What the task asks:
Pictures in the entries below are excluded; copy only the lines from the one containing "1 bouteille, Cognac" to the one containing "This is a nice", both included.

[Stored data]
==============================

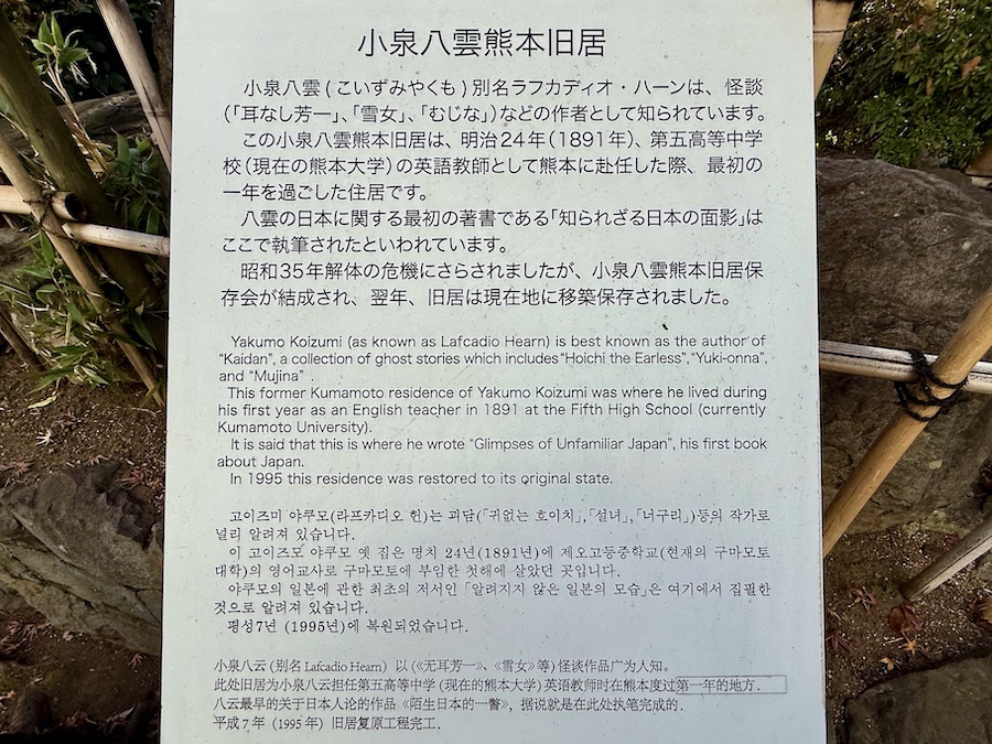 2025年NHK朝ドラ“ばけばけ”で注目の小泉八雲(ラフカディオ・ハーン)が松江の次に暮らした“熊本旧居”。大名茶人・松平不昧公ゆかりの石造物も。熊本市指定有形文化財。
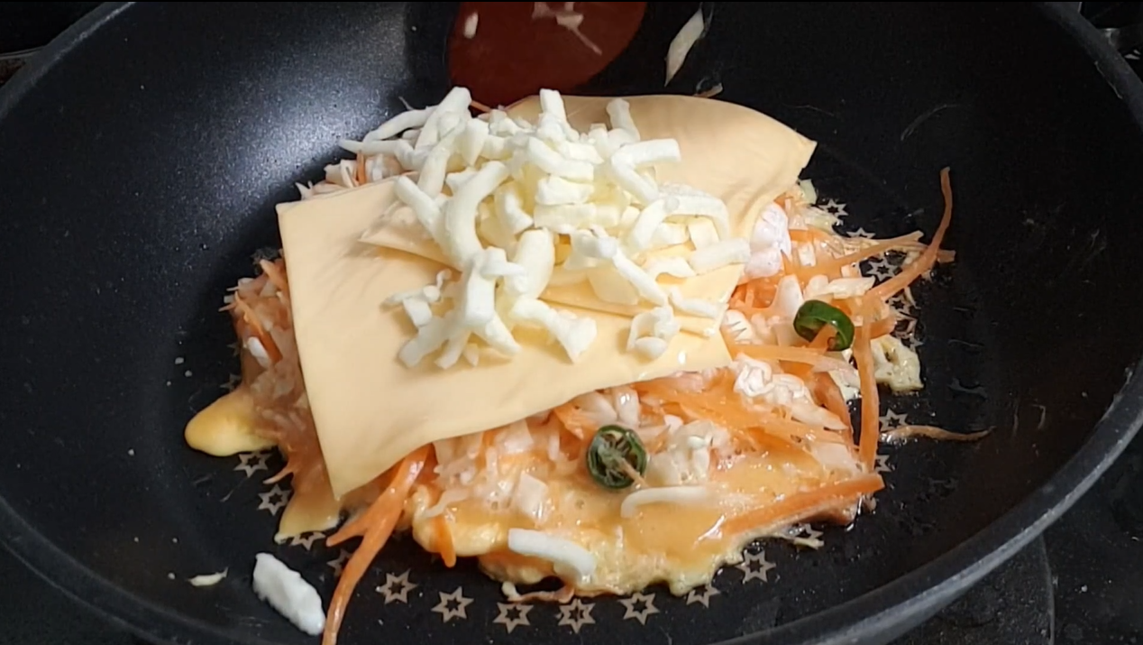 - 그 위에 슬라이스 치즈, 모짜렐라 치즈, 청양고추 등을 올려요
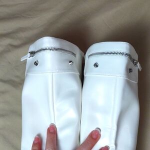 Brand new Shoe Dazzle White Boots in Size 7. These stunning boots are a perfect blend of fashion and functionality. Featuring eye-catching buckles, zippers and studs, they're not just boots, they're a statement piece! With a convenient side zipper for easy on and off, you can effortlessly elevate your style.
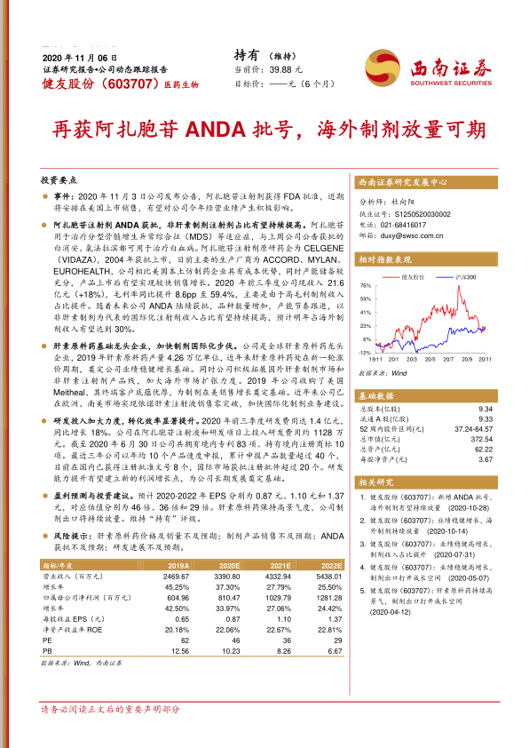 盈利预测与投资建议。预计2020-2022年EPS分别为0.87元、1.10元和1.37元,对应估值分别为46倍、36倍和29倍。肝素原料药保持高景气度,公司制剂出口将持续放量。维持“持有”评级。
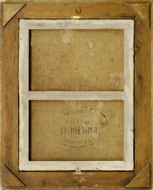 Na odwrocie płótna duży owalny stempel - założonej w roku 1880 - paryskiej firmy Paula Foinet’a oferującej farby i inne materiały malarskie: 54 RUE N.D. DES CHAMPS PARIS | PAUL FOINET | (VAN EYCK) | TOILES & COULEURS FINES.
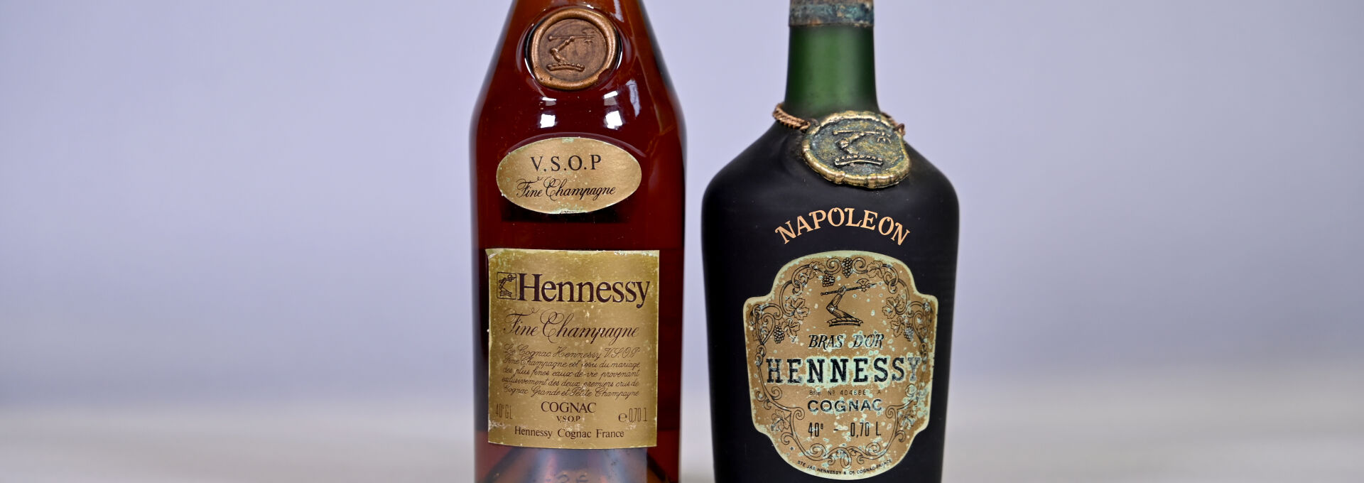 1 bouteille, Cognac Fine Champagne, Hennessy, VSOP. Niveau légèrement bas. Capsule sale. Pastille légèrement sale et abimée. Etiquette légèrement sale à sale avec des petits points de décollement. Contre-étiquette légèrement sale et abimée.
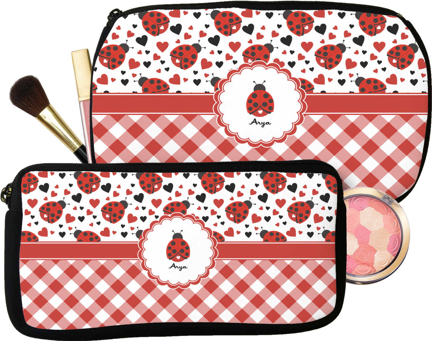 Our personalized makeup bags are available in many different designs, patterns and colors - so you are sure to find one that will love. They are made of neoprene (same material as wet-suits) and thus are water resistant, so spillages in your makeup bag will not end up all over you purse. They are customized on one side and are black on the other side and the zipper is black as well.
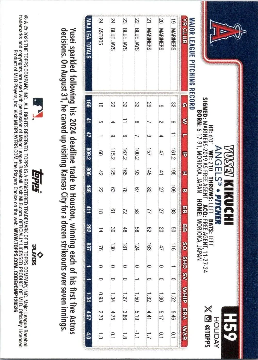 This is a nice example of a 2025 Topps Holiday #H59 Yusei Kikuchi
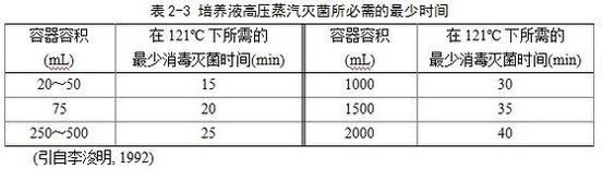 使用高壓蒸汽滅菌器滅菌時,將分裝好的培養(yǎng)液放入底部有一定量(淹沒加熱管)涼水的高壓蒸汽滅菌器內(nèi),增壓**0.35~0.4 kg/cm2時排凈滅菌器內(nèi)冷空氣,以便使蒸汽能到達(dá)各個消毒部位,保證消毒滅菌徹底。然后繼續(xù)加壓加熱,當(dāng)壓力表讀數(shù)達(dá)到1.0~1.1 kg/cm2為121 ºC,保持15~20 min即可。由于消毒滅菌效果取決于溫度而不是壓力,所以在一定壓力下保持較長的消毒滅菌時間是必須的。在121 ºC的蒸汽溫度下可以很快殺死各種細(xì)菌及高度耐熱的芽孢桿菌,因此許多培養(yǎng)液的消毒滅菌壓力、溫度一般保持在1.0~1.1 kg/cm2、121 ºC。消毒滅菌時間與需要消毒滅菌的培養(yǎng)液量密切相關(guān)(表2-3),時間不足達(dá)不到滅菌效果,時間過長培養(yǎng)液內(nèi)的一些化學(xué)物質(zhì)遭到破壞,影響培養(yǎng)液成分。消毒滅菌結(jié)束后,關(guān)閉熱源,只有當(dāng)滅菌器內(nèi)壓力降為零時才能打開放氣閥,排除剩余蒸汽,取出培養(yǎng)液。不可在壓力較高時打開放氣閥,引起減壓沸騰,使容器中液體溢出。培養(yǎng)液組成中如含有遇熱易分解的物質(zhì),則需用過濾方法消毒滅菌。shou先對培養(yǎng)液中耐熱組分進行高壓蒸汽滅菌后放置在無菌場所,固體培養(yǎng)液在40 ºC左右瓊脂即將凝結(jié)前,加入經(jīng)過過濾除菌的不耐熱溶液,混勻后冷卻備用。液體培養(yǎng)液在冷卻到室溫后再加入過濾除菌溶液。過濾除菌時,使用孔徑為0.22~0.45 μm或更小的細(xì)菌濾膜。過濾除菌可利用抽濾裝置或注射過濾器進行,所用器皿均應(yīng)進行高壓消毒滅菌,溫度不應(yīng)超過121 ºC。

==============================

Answer for the task:
 1 bouteille, Cognac Fine Champagne, Hennessy, VSOP. Niveau légèrement bas. Capsule sale. Pastille légèrement sale et abimée. Etiquette légèrement sale à sale avec des petits points de décollement. Contre-étiquette légèrement sale et abimée.
 Our personalized makeup bags are available in many different designs, patterns and colors - so you are sure to find one that will love. They are made of neoprene (same material as wet-suits) and thus are water resistant, so spillages in your makeup bag will not end up all over you purse. They are customized on one side and are black on the other side and the zipper is black as well.
 This is a nice example of a 2025 Topps Holiday #H59 Yusei Kikuchi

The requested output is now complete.